I cheated a little bit with this one, but it was totally worth it. I wanted…..NEEDED….tea this morning. Lots and lots of stress – nuff said. I wanted a black or oolong tea and this sample caught my eye. I can not believe I have had it for three years! When I poured the leaves into the pot it looked a little shy of how much I needed so I added quite literally just a few hard little pellets of Zealong Aromatic.
The result was excellent. This may have suffered a bit for aging, I don’t know, but I do know that having a good cuppa shifted a few burdens and lightened the load.
The liquor was very light, but the flavor had lots of body and heft, and there was a floral sweetness running alongside the dark roasted oolong, possibly from the addition of that tiny amount of ZA.
This review is actually a review of a method of making matcha lattes rather than the matcha itself. Maybe I should move it to a heading of “cocktail shaker” under tea equipment and paraphernalia!
When Red Leaf matcha lattes became all the rage on here, I bought a TON of matcha. I experimented with all sorts of ways to make it and finally settled on using an Aerolatte to whisk it all together. It struggles a little with thick honey but if you add just a touch of warm water or milk to “melt” the honey, it is easy. The problem is that I like my matcha lattes to be cold cold COLD!
I had read about people making lattes in a cocktail shaker, so I tried a Williams Sonoma Working Glass with rubber lid. Yes, I ended up with matcha latte all over me. In my hair, even.
Today I saw a cocktail shaker at an estate sale for five bucks and it appeared to have never been used! It even had a bottle opener and matching cheese knife inside, still wrapped in plastic. I decided I could give it a go as a latte maker and wouldn’t mind too much if it failed at that price. Besides, I needed a new bottle opener for the outside fridge where we keep our glass bottled sodas!

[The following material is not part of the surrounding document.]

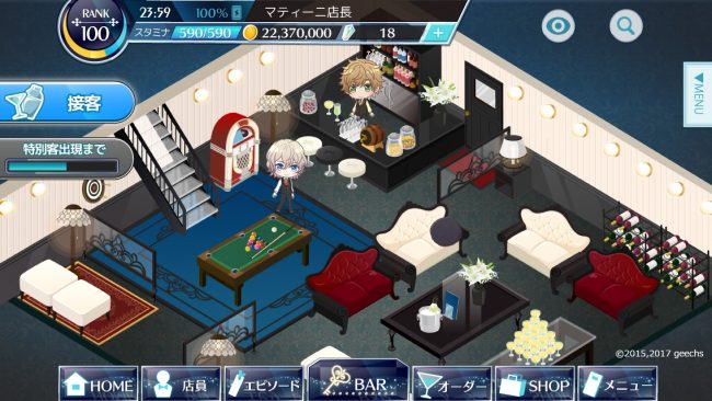 ゲームは、バーの内装や装飾を自分好みにカスタマイズし、売上やオーナーランクを上げることができる「バー経営(ハコニワ)パート」、ミニゲームがプレイできる「接客ゲームパート」、メインエピソードと店員別エピソードを楽しむことができる「ストーリーパート」の3パート構成のシステムです。

I sifted my matcha into the shaker. For those who participated in the blind study, it was sample five from Red Leaf from waaaaay back when we tested green, white, and black matcha. I added a tablespoon of honey, some milk, and some ice cubes. I put the lid on and shook it over the sink…..just in case.

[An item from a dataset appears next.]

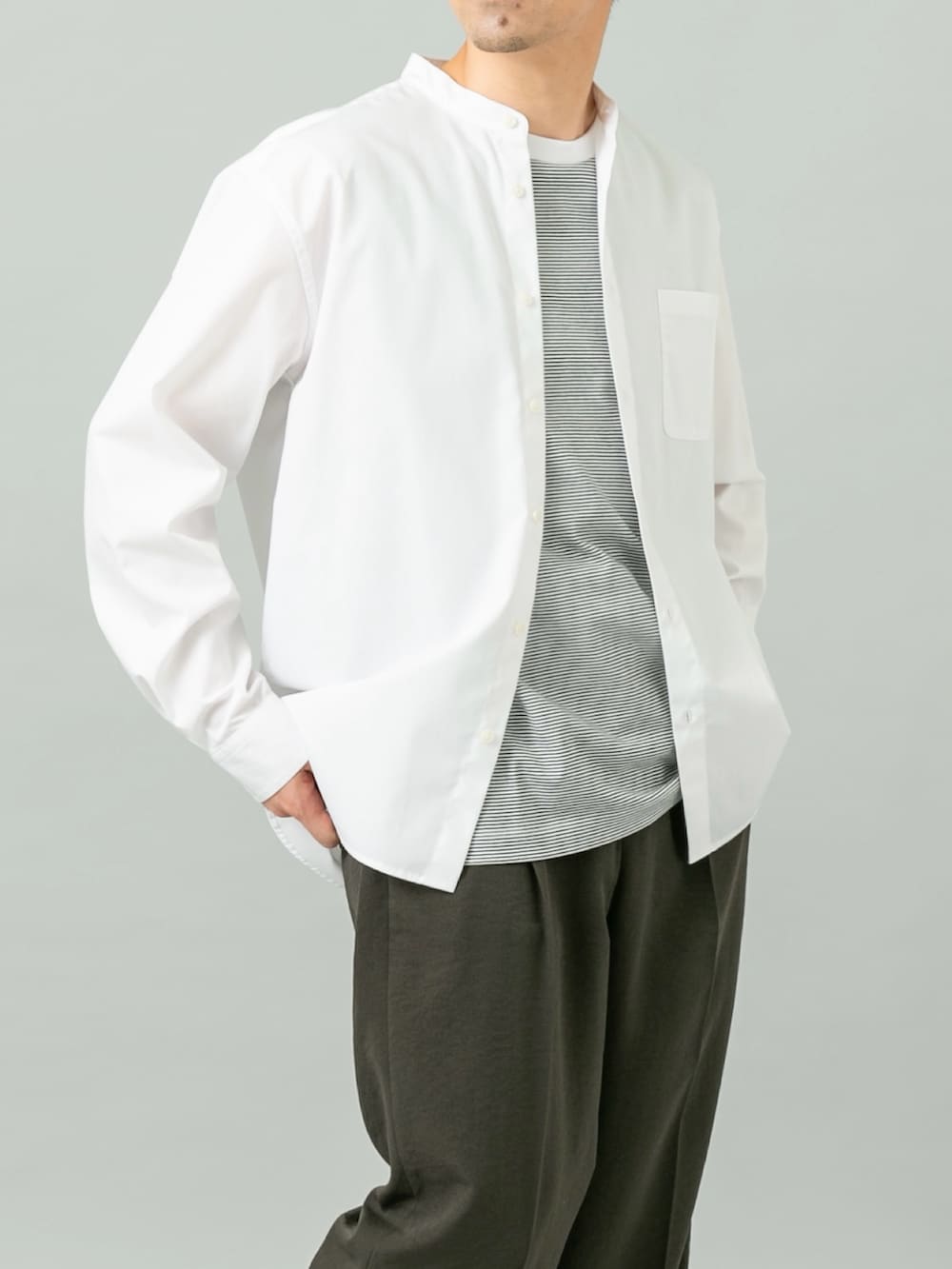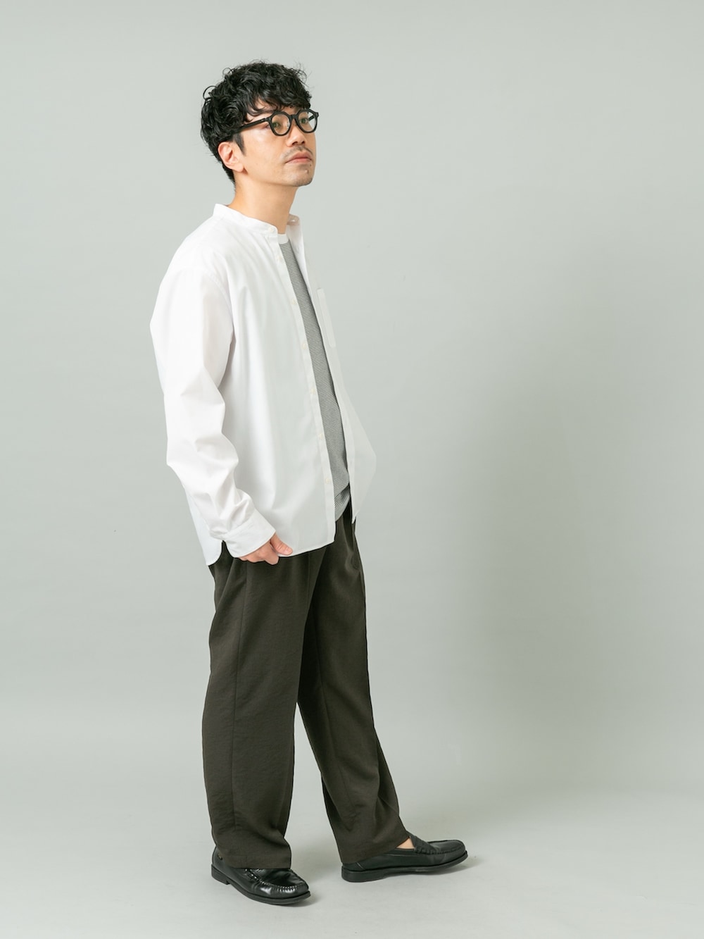 シャツはLサイズでややゆったりめなサイズ感で着用しました。

No leaks! Yay! I poured it into my glass and a lovely froth topped my latte. I peered in the shaker and I could see tons more froth that I could have scooped into my glass, keeping or discarding the ice, but my glass was full so I didn’t. The honey seems to have blended fairly well, but I think it would have even more so if I had warmed it. Shaking it with the ice would have chilled it again and I would have gotten the icy cold temp I like.
I am going to try this next with raw cane sugar instead of honey. I have already had two lattes though, so I may wait a while!
Overall, I am really pleased with this method and tickled that I found a cocktail shaker so cheap, since I had been loathe to pay full retail for one.